** Opening PROVIDED RECORDS block **

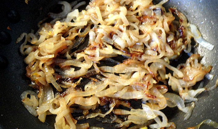 Hacher finement l'oignon, laisser mijoter dans une petite quantité d'eau, saler.
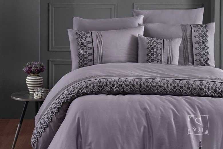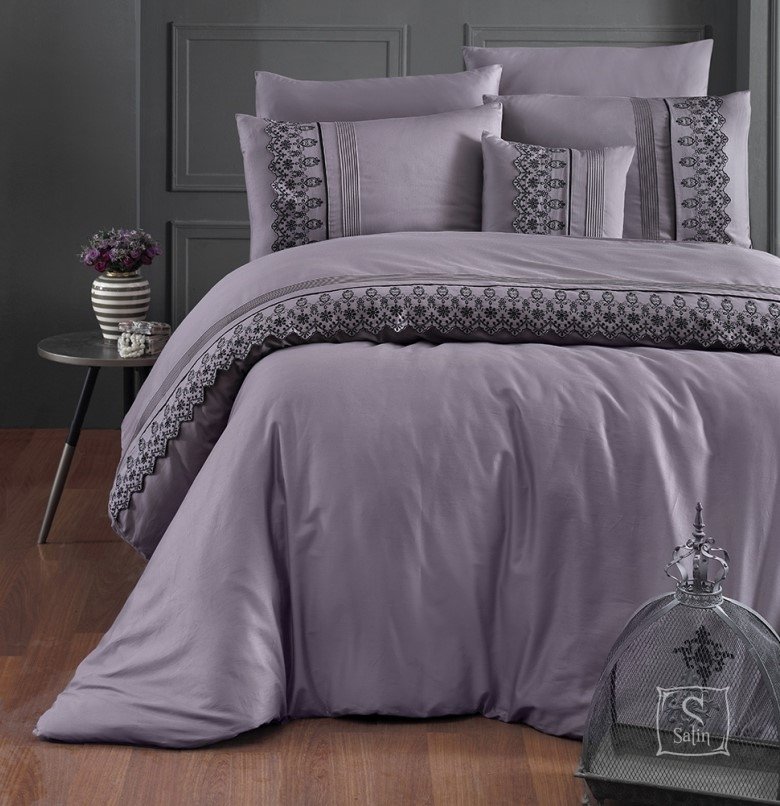 • Комплект Mona leylak выполнен в однотонном лиловом цвете, две наволочки и пододеяльник украшены кружевным кантом в цвет комплекта;
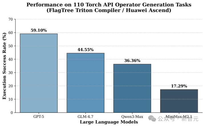 在统一使用 FlagTree Triton 编译器、并以华为 Ascend平台为目标硬件的条件下,评测对比了多种主流大模型在 110 个 Torch API 算子生成任务中的表现,重点统计其执行正确率(数值准确性通过)。
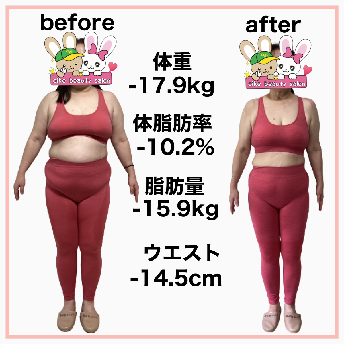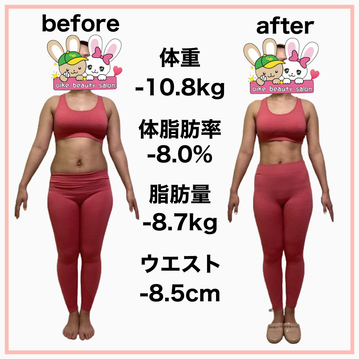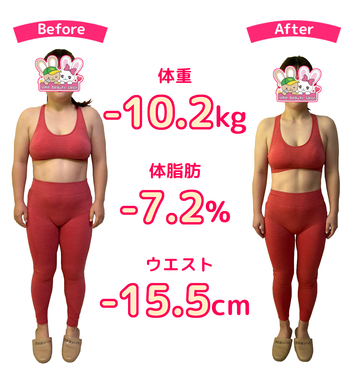 私と同じようにストレスで増えてしまった体重や体型の悩みを抱えている方においけ美容整体院ダイエットプログラムは自信を持ってお勧めできます。一緒にムリなく、効率の良いダイエットしてみませんか?
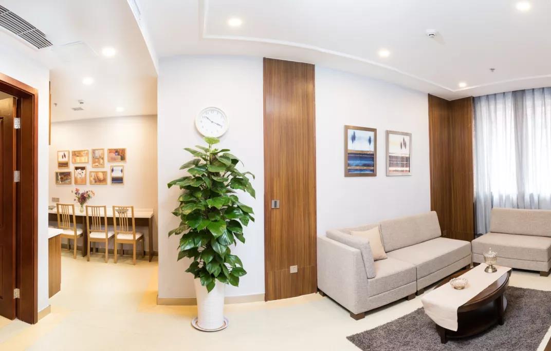 因为妈妈们才生产完较为虚弱,洗澡间里的无障碍防滑折叠凳简直是又一暖心细节,对于妈妈们是各种小心呵护宠爱!(同样还有紧急呼叫按钮,为各种紧急情况出现准备妥当)马桶旁的紧急呼叫按钮,就问你,这种达到医疗监护级别的月子照护,想得这么周到,你住的放不放心!!!这是套房的客厅,麻雀虽小五脏俱全呀,如同在家居住一般方便。
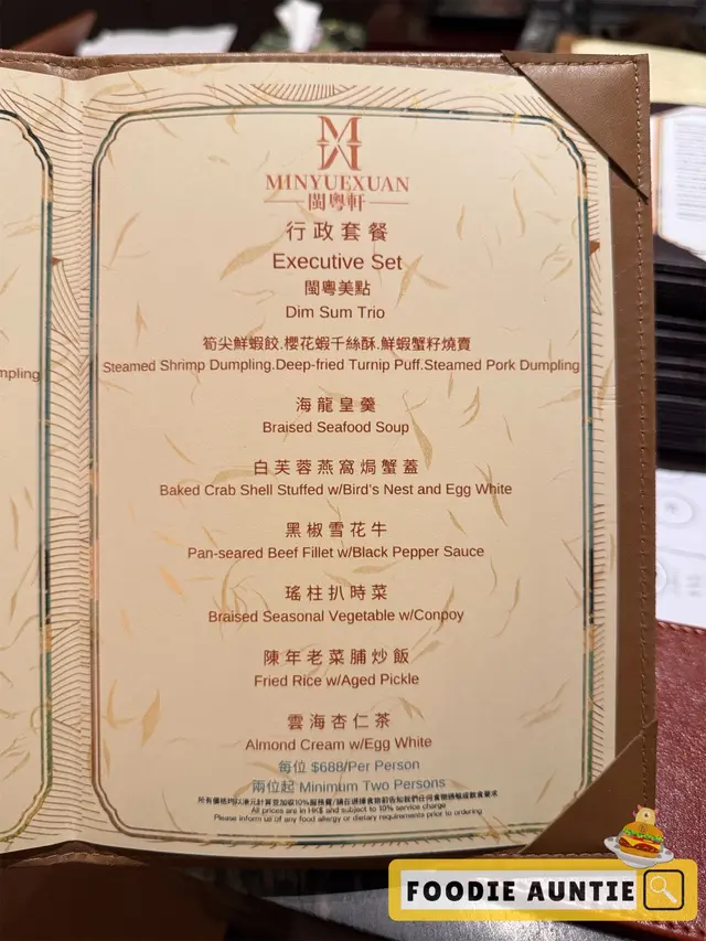早前到訪了位於市中心的中菜館「閩粵軒」,嘗試了他們的 $1188 套餐,菜單內容包括:魚子醬百塔配帕瑪火腿、襌衣帶子王、燕窩海皇羹、清蒸馬來西亞黑貴妃、香煎日本 A5 雪花和牛、黑蒜炒西蘭花苔、鍋燒松露海味炒飯,以及楊枝甘露作甜品。單從菜名看,期待值頗高;但整體體驗過後,只能說表現中規中矩,稱不上令人印象深刻。🍽️ 食物評價:* 魚子醬百塔 略帶腥味,火腿質素尚可,但味道未見層次。* 帶子王與海皇羹 味道屬正常發揮,無明顯亮點。* 黑貴妃魚 實為淡水魚,蒸得恰當,肉質尚算嫩滑,但魚味較淡,並無特別矜貴之感。整體感覺更像是一碟擺盤精緻、火候得宜的蒸鯇魚,與菜名所營造的高級感稍有落差。* A5 和牛 味道與口感皆一般,與期望中的「入口即化」有一定落差。值得一提的是,服務員在介紹時誤稱其為「5A 和牛」,略有失禮。* 松露海味炒飯 炒得乾身分明,但香氣及口感層次不足。* 楊枝甘露 味道清新,但亦屬常見甜品水準,無太大驚喜。💬 用餐環境與服務:* 員工之間在場內交談聲浪偏高,影響了用餐氛圍。* 服務整體中性,未見細緻或貼心之處。* 對菜式的介紹較為簡略,欠缺高級中菜應有的專業度。🔚 整體而言,此套餐的定價與餐飲表現只能說「剛好匹配」,尚未達至物超所值的程度。短期內暫不會考慮再次光顧。…查看更多
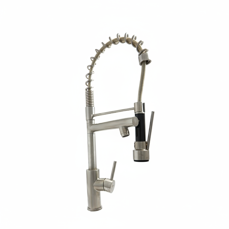 خلاط مطبخ بخرطوم سوستة و سماعة جوري ستيل نيكل كروم من جواد
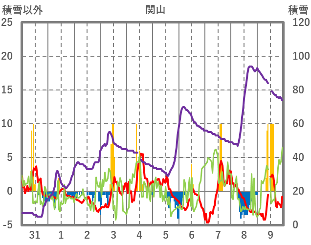 | 日 | 時 | 気温 | 降水 | 風向/風速 | 日照 | 積雪 | 降雪 |
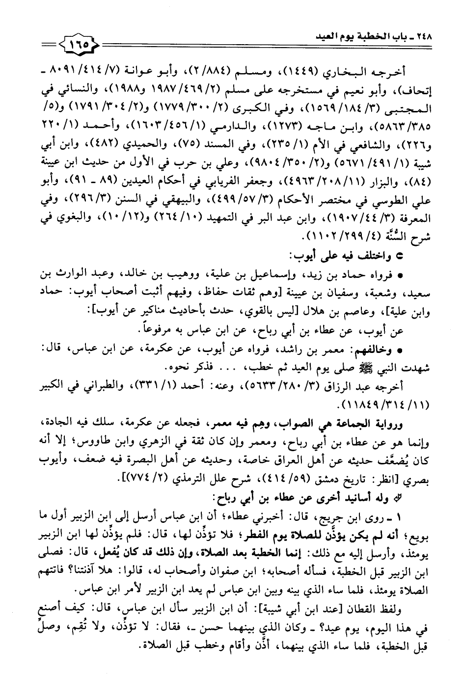 أخرجه البخاري (١٤٤٩)، ومسلم (٨٨٤/ ٢)، وأبو عوانة (٧/ ٤١٤/ ٨٠٩١ - إتحاف)، وأبو نعيم في مستخرجه على مسلم (٢/ ٤٦٩/ ١٩٨٧ و ١٩٨٨)، والنسائي في المجتبى (٣/ ١٨٤/ ١٥٦٩)، وفي الكبرى (٢/ ٣٠٠/ ١٧٧٩) و (٢/ ٣٠٤/ ١٧٩١) و (٥/ ٣٨٥/ ٥٨٦٣)، وابن ما جه (١٢٧٣)، والدارمي (١/ ٤٥٦/ ١٦٠٣)، وأحمد (١/ ٢٢٠ و ٢٢٦)، والشافعي في الأم (١/ ٢٣٥)، وفي المسند (٧٥)، والحميدي (٤٨٢)، وابن أبي شيبة (١/ ٤٩١/ ٥٦٧١) و (٢/ ٣٥٠/ ٩٨٠٤)، وعلي بن حرب في الأول من حديث ابن عيينة (٨٤)، والبزار (١١/ ٢٠٨/ ٤٩٦٣)، وجعفر الفريابي في أحكام العيدين (٨٩ - ٩١)، وأبو علي الطوسي في مختصر الأحكام (٣/ ٥٧/ ٤٩٩)، والبيهقي في السنن (٣/ ٢٩٦)، وفي المعرفة (٣/ ١٩٠٧/٤٤)، وابن عبد البر في التمهيد (١٠/ ٢٦٤) و (١٢/ ١٠)، والبغوي في شرح السُّنَّة (٤/ ٢٩٩/ ١١٠٢).
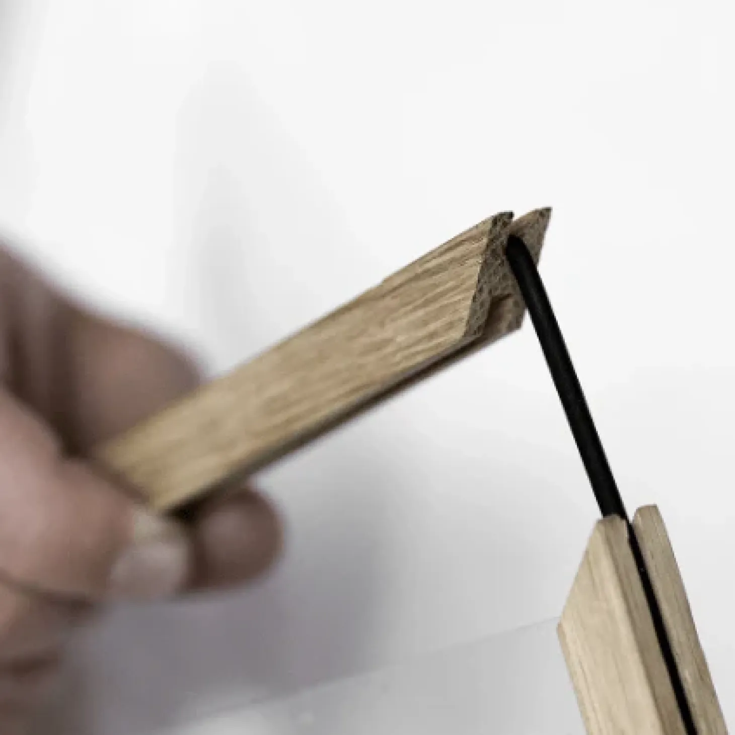 Smuk ramme i egetræ med plexiglas. Rammen holdes sammen af en elastik, så man kan kalde det en moderne skifteramme. Elastikken gør det nemt at skifte billedet og fungerer samtidig som ophæng.
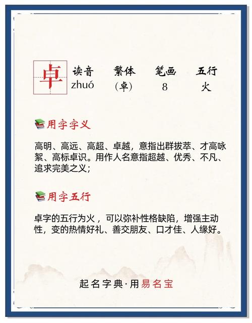 在姓名學中,“卓”字五行屬火,主禮,性格熱情開朗,積極向上,具有領(lǐng)導(dǎo)才能。 但也需要注意五行搭配,避免火過旺,影響性格平和。
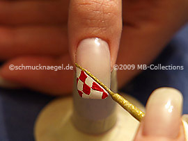 Füllen Sie jetzt mit dem Nailart Liner in der Farbe rot die restlichen Rasterfelder aus.
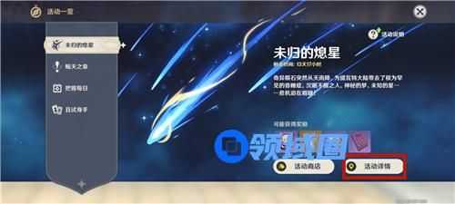 首先冒险等阶达到20级后,会在活动面板上看到一个名为【未归的熄星】活动,点击【活动详细】按钮。
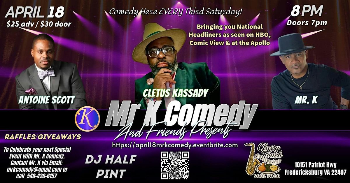 Get ready for a night you won’t forget! MrKComedy is bringing the hilarious Comedians Antoine Scott and headlining Cletus Kassady to Fredericksburg VA for more than just a comedy show—it’s a full-blown experience! 🎤🔥Join us at the Classy Touch resturant (10151 Patriot Hwy) for an evening packed with side-splitting laughs, great music, delicious food, and refreshing drinks. Whether you’re looking for the perfect date night or a fun outing with friends, this is the place to be!
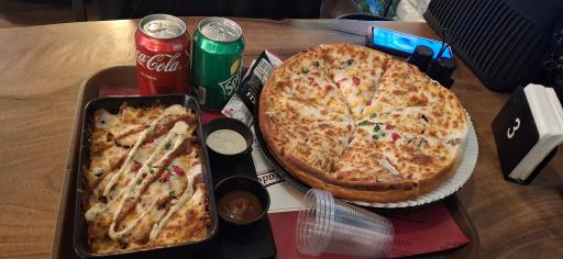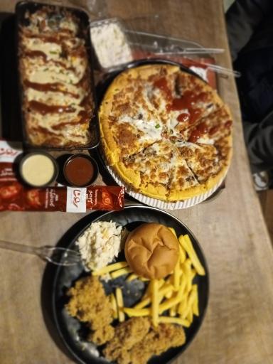 غذا عالی و با کیفیت . 4 عدد پیتزای مخلوط 1 نفره سفارش دادیم که هر پیتزا برای 2 نفر کافی بود . سیب زمینی ویژه هم با متریال خوب و عالی درست شده بود . فضا دلنشین و برخورد پرسنل عالی بود . قیمت هم نسبت به کیفیت مناسب بود .
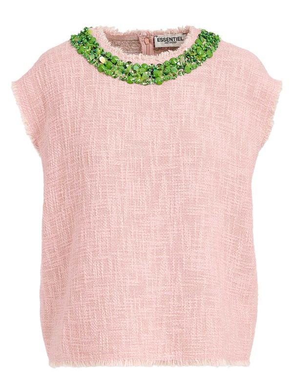 The Essentiel Antwerp Field top is a dazzling style sure to elevate your day to night looks. Crafted from a cotton tweed fabric and cut for a boxy shape, this sleeveless top has a hidden zip fastening to the back, frayed edges and a round neckline carefully decorated with green bead and sequin embellishments. Simply pair with a minimalist pair of shorts or trousers and some pared back jewellery. No need for a statement necklace.
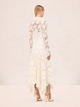 The Camila Dress is a long sleeve midi silhouette crafted in floral lace, featuring a plunging neckline

** Closing PROVIDED RECORDS block **

Each entry should appear again exactly as written, pictures excluded.

SOLUTION TO THIS PROBLEM:
 Hacher finement l'oignon, laisser mijoter dans une petite quantité d'eau, saler.
 • Комплект Mona leylak выполнен в однотонном лиловом цвете, две наволочки и пододеяльник украшены кружевным кантом в цвет комплекта;
 在统一使用 FlagTree Triton 编译器、并以华为 Ascend平台为目标硬件的条件下,评测对比了多种主流大模型在 110 个 Torch API 算子生成任务中的表现,重点统计其执行正确率(数值准确性通过)。
 私と同じようにストレスで増えてしまった体重や体型の悩みを抱えている方においけ美容整体院ダイエットプログラムは自信を持ってお勧めできます。一緒にムリなく、効率の良いダイエットしてみませんか?
 因为妈妈们才生产完较为虚弱,洗澡间里的无障碍防滑折叠凳简直是又一暖心细节,对于妈妈们是各种小心呵护宠爱!(同样还有紧急呼叫按钮,为各种紧急情况出现准备妥当)马桶旁的紧急呼叫按钮,就问你,这种达到医疗监护级别的月子照护,想得这么周到,你住的放不放心!!!这是套房的客厅,麻雀虽小五脏俱全呀,如同在家居住一般方便。
早前到訪了位於市中心的中菜館「閩粵軒」,嘗試了他們的 $1188 套餐,菜單內容包括:魚子醬百塔配帕瑪火腿、襌衣帶子王、燕窩海皇羹、清蒸馬來西亞黑貴妃、香煎日本 A5 雪花和牛、黑蒜炒西蘭花苔、鍋燒松露海味炒飯,以及楊枝甘露作甜品。單從菜名看,期待值頗高;但整體體驗過後,只能說表現中規中矩,稱不上令人印象深刻。🍽️ 食物評價:* 魚子醬百塔 略帶腥味,火腿質素尚可,但味道未見層次。* 帶子王與海皇羹 味道屬正常發揮,無明顯亮點。* 黑貴妃魚 實為淡水魚,蒸得恰當,肉質尚算嫩滑,但魚味較淡,並無特別矜貴之感。整體感覺更像是一碟擺盤精緻、火候得宜的蒸鯇魚,與菜名所營造的高級感稍有落差。* A5 和牛 味道與口感皆一般,與期望中的「入口即化」有一定落差。值得一提的是,服務員在介紹時誤稱其為「5A 和牛」,略有失禮。* 松露海味炒飯 炒得乾身分明,但香氣及口感層次不足。* 楊枝甘露 味道清新,但亦屬常見甜品水準,無太大驚喜。💬 用餐環境與服務:* 員工之間在場內交談聲浪偏高,影響了用餐氛圍。* 服務整體中性,未見細緻或貼心之處。* 對菜式的介紹較為簡略,欠缺高級中菜應有的專業度。🔚 整體而言,此套餐的定價與餐飲表現只能說「剛好匹配」,尚未達至物超所值的程度。短期內暫不會考慮再次光顧。…查看更多
 خلاط مطبخ بخرطوم سوستة و سماعة جوري ستيل نيكل كروم من جواد
 | 日 | 時 | 気温 | 降水 | 風向/風速 | 日照 | 積雪 | 降雪 |
 أخرجه البخاري (١٤٤٩)، ومسلم (٨٨٤/ ٢)، وأبو عوانة (٧/ ٤١٤/ ٨٠٩١ - إتحاف)، وأبو نعيم في مستخرجه على مسلم (٢/ ٤٦٩/ ١٩٨٧ و ١٩٨٨)، والنسائي في المجتبى (٣/ ١٨٤/ ١٥٦٩)، وفي الكبرى (٢/ ٣٠٠/ ١٧٧٩) و (٢/ ٣٠٤/ ١٧٩١) و (٥/ ٣٨٥/ ٥٨٦٣)، وابن ما جه (١٢٧٣)، والدارمي (١/ ٤٥٦/ ١٦٠٣)، وأحمد (١/ ٢٢٠ و ٢٢٦)، والشافعي في الأم (١/ ٢٣٥)، وفي المسند (٧٥)، والحميدي (٤٨٢)، وابن أبي شيبة (١/ ٤٩١/ ٥٦٧١) و (٢/ ٣٥٠/ ٩٨٠٤)، وعلي بن حرب في الأول من حديث ابن عيينة (٨٤)، والبزار (١١/ ٢٠٨/ ٤٩٦٣)، وجعفر الفريابي في أحكام العيدين (٨٩ - ٩١)، وأبو علي الطوسي في مختصر الأحكام (٣/ ٥٧/ ٤٩٩)، والبيهقي في السنن (٣/ ٢٩٦)، وفي المعرفة (٣/ ١٩٠٧/٤٤)، وابن عبد البر في التمهيد (١٠/ ٢٦٤) و (١٢/ ١٠)، والبغوي في شرح السُّنَّة (٤/ ٢٩٩/ ١١٠٢).
 Smuk ramme i egetræ med plexiglas. Rammen holdes sammen af en elastik, så man kan kalde det en moderne skifteramme. Elastikken gør det nemt at skifte billedet og fungerer samtidig som ophæng.
 在姓名學中,“卓”字五行屬火,主禮,性格熱情開朗,積極向上,具有領(lǐng)導(dǎo)才能。 但也需要注意五行搭配,避免火過旺,影響性格平和。
 Füllen Sie jetzt mit dem Nailart Liner in der Farbe rot die restlichen Rasterfelder aus.
 首先冒险等阶达到20级后,会在活动面板上看到一个名为【未归的熄星】活动,点击【活动详细】按钮。
 Get ready for a night you won’t forget! MrKComedy is bringing the hilarious Comedians Antoine Scott and headlining Cletus Kassady to Fredericksburg VA for more than just a comedy show—it’s a full-blown experience! 🎤🔥Join us at the Classy Touch resturant (10151 Patriot Hwy) for an evening packed with side-splitting laughs, great music, delicious food, and refreshing drinks. Whether you’re looking for the perfect date night or a fun outing with friends, this is the place to be!
 غذا عالی و با کیفیت . 4 عدد پیتزای مخلوط 1 نفره سفارش دادیم که هر پیتزا برای 2 نفر کافی بود . سیب زمینی ویژه هم با متریال خوب و عالی درست شده بود . فضا دلنشین و برخورد پرسنل عالی بود . قیمت هم نسبت به کیفیت مناسب بود .
 The Essentiel Antwerp Field top is a dazzling style sure to elevate your day to night looks. Crafted from a cotton tweed fabric and cut for a boxy shape, this sleeveless top has a hidden zip fastening to the back, frayed edges and a round neckline carefully decorated with green bead and sequin embellishments. Simply pair with a minimalist pair of shorts or trousers and some pared back jewellery. No need for a statement necklace.
 The Camila Dress is a long sleeve midi silhouette crafted in floral lace, featuring a plunging neckline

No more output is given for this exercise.